01.05.2005

Grüne Maulkörbe

Kommentar von Karin Hollrichter

Über Forschungsverbote aus dem Hause Künast.

Schlechte Karten hat, wer unter der Fuchtel von Verbraucherschutzministerin Renate Künast steht und Grüner Gentechnik durchaus gute Seiten abgewinnen kann. Diese ist für die grüne Ministerin erklärtermaßen ein rotes Tuch – und so wundert es nicht, dass sie auch in ihrem eigenen Haus rigoros gegen deren Verfechter vorgeht. Diese Erfahrung haben schon etliche Wissenschaftler in Bundesforschungsanstalten machen müssen. „Redeverbot für Wissenschaftler; Verbote zur Einreichung von Forschungsanträgen; Nötigung von Forschern, bereits bewilligte Forschungsprojekte nicht auszuführen; Anordnung, schon laufende Forschungsprojekte abzubrechen; persönliche Repressionen gegen einzelne Wissenschaftler“, so kritisiert der CDU-Bundestagsabgeordnete Helmut Heiderich die Künastsche Politik.


Meistens gelangen solche Dinge nicht an die Öffentlichkeit. Wissenschaftlern in den Forschungsanstalten wird der Mund verboten („Dienstgeheimnis“), und als Beamte müssen sie sich daran halten. Nur wenige Fälle wurden bekannt. So beispielsweise der Fall von den Apfelbäumen, die gentechnisch unempfindlich gegen die aggressiven Erwinia-Bakterien gemacht worden waren, die dann aber trotz Genehmigung im Freiland auf ministerielle Anordnung nicht getestet werden durften. Oder der Erprobungsanbau von Mais, aus dem sich die Biologische Bundesanstalt (BBA) überraschend zurückziehen musste. Auch Experimente mit transgenem Raps wurden wegen der Gefahr von Auskreuzungen kurzerhand untersagt.
Die jüngsten Maßregelungen kamen durch einen Bericht in der Fachzeitschrift Laborjournal an die Öffentlichkeit.

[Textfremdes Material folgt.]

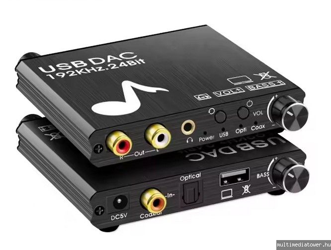 USB DAC 192kHz 24Bit DAC + fejhallgató erősítő, Coaxial + USB + Toslink Stereo
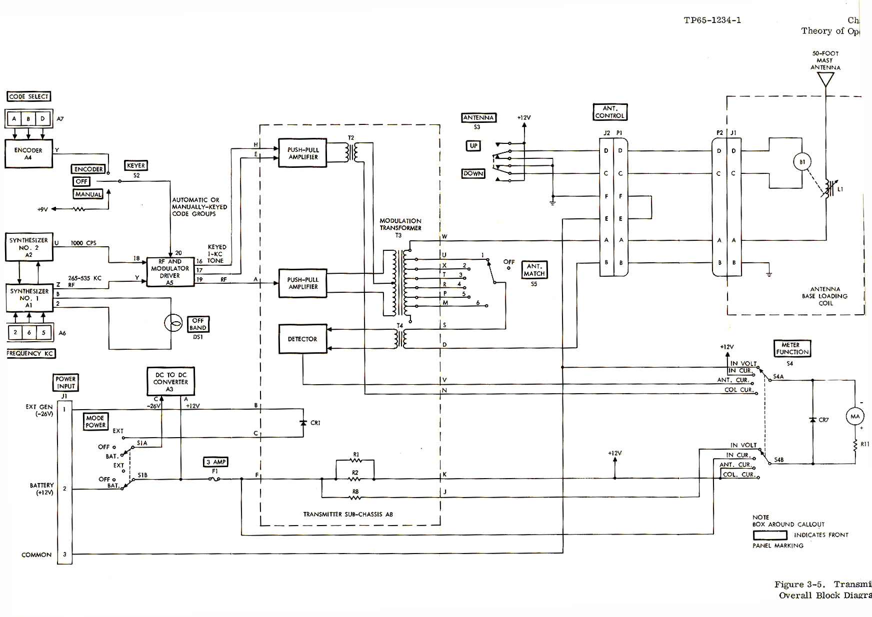 The J1 Pin assignment seems to be:1 = -26 Volts - There is a -26 V to +12 Volt Dc to Dc converter in the transmitter.
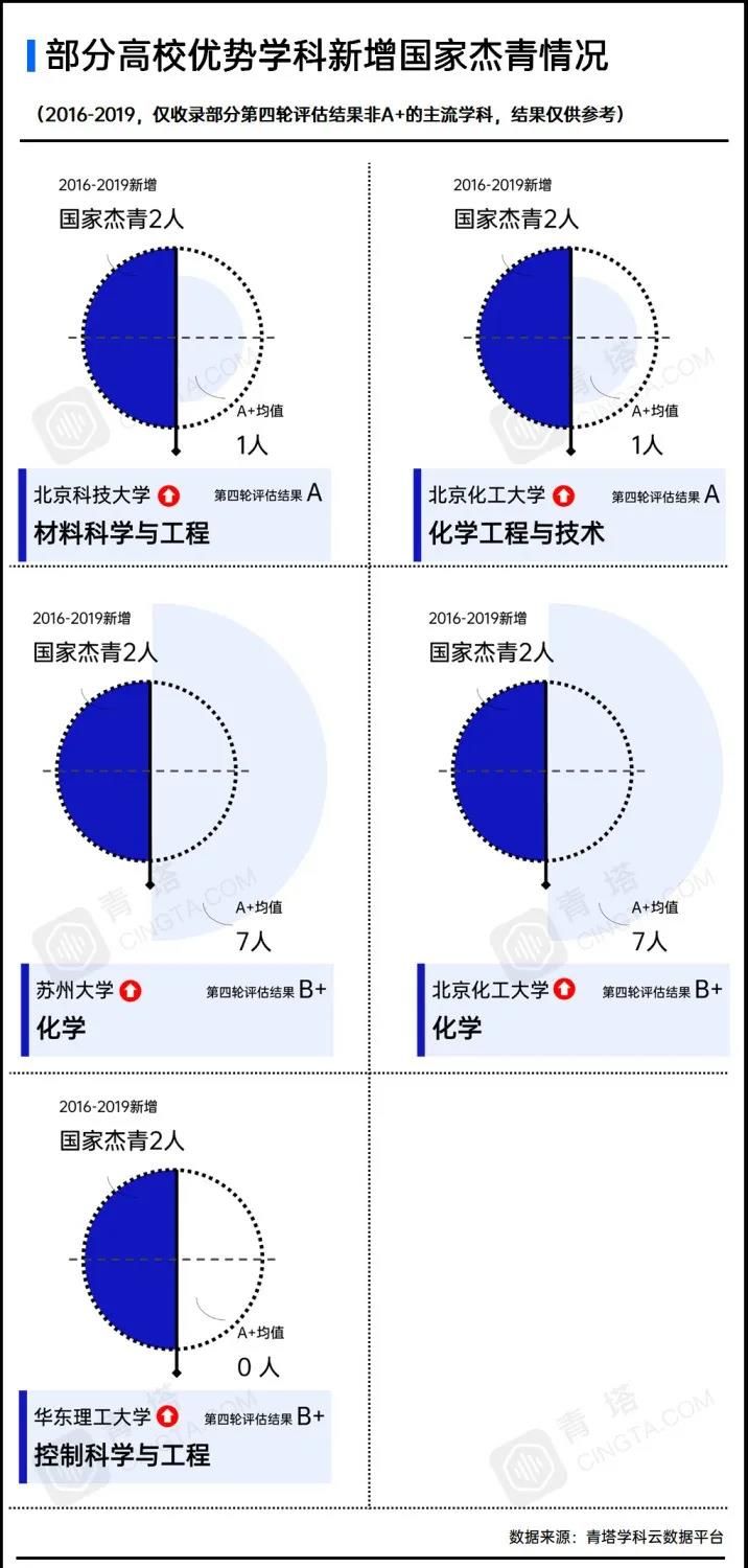 北京化工大學(xué)的化學(xué)工程與技術(shù),華東理工大學(xué)的控制科學(xué)與工程,北京科技大學(xué)的材料科學(xué)與工程均新增杰青2人,表現(xiàn)明顯優(yōu)于各學(xué)科中A+學(xué)科的均值。

Forscher, die unter der Ägide des Verbraucherministeriums (BMVEL) stehen, wurden angewiesen, bereits gestellte Anträge auf Gelder des Bundesforschungsministeriums (BMBF) zurückzuziehen. Die Opposition – glücklich über diese Steilvorlage – nutzte diesen Vorfall zu einer Runde Stechen und Hauen über die Grüne Gentechnik im Bundestag.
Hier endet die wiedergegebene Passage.